_What is required_. In the records below, find the line that contains "Ławka ogrodowa, 108" and the line that contains "Naturdiet indeholder protein, fiber", then retype exactly those two lines and every line between them.

_Task data_.

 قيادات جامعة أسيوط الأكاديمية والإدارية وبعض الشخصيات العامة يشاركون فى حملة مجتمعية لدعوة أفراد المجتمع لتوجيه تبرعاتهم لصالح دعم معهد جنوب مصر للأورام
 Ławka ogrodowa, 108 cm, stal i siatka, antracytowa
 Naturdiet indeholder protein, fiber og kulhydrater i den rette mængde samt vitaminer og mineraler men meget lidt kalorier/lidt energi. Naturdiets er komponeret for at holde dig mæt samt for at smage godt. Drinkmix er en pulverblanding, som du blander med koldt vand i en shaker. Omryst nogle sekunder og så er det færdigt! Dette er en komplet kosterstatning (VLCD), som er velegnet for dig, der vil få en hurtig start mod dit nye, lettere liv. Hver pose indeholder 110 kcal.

---

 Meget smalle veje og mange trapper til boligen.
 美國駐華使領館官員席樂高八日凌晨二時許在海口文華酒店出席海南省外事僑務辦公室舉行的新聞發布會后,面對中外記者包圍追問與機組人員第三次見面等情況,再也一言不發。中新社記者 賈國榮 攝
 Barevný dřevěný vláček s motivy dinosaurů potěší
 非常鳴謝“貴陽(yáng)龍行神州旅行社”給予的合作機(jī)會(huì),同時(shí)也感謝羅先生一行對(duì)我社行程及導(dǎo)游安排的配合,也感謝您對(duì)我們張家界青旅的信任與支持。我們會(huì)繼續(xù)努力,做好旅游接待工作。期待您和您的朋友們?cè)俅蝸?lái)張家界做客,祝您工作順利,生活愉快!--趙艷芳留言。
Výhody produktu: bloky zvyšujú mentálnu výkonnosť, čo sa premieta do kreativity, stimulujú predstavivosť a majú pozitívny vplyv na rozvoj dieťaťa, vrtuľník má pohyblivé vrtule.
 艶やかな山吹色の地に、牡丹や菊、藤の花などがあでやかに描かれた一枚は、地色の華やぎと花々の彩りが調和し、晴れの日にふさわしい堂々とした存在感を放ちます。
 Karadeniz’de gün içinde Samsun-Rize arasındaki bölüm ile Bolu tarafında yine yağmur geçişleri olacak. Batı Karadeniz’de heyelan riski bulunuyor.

_Solution to this task_.
 Ławka ogrodowa, 108 cm, stal i siatka, antracytowa
 Naturdiet indeholder protein, fiber og kulhydrater i den rette mængde samt vitaminer og mineraler men meget lidt kalorier/lidt energi. Naturdiets er komponeret for at holde dig mæt samt for at smage godt. Drinkmix er en pulverblanding, som du blander med koldt vand i en shaker. Omryst nogle sekunder og så er det færdigt! Dette er en komplet kosterstatning (VLCD), som er velegnet for dig, der vil få en hurtig start mod dit nye, lettere liv. Hver pose indeholder 110 kcal.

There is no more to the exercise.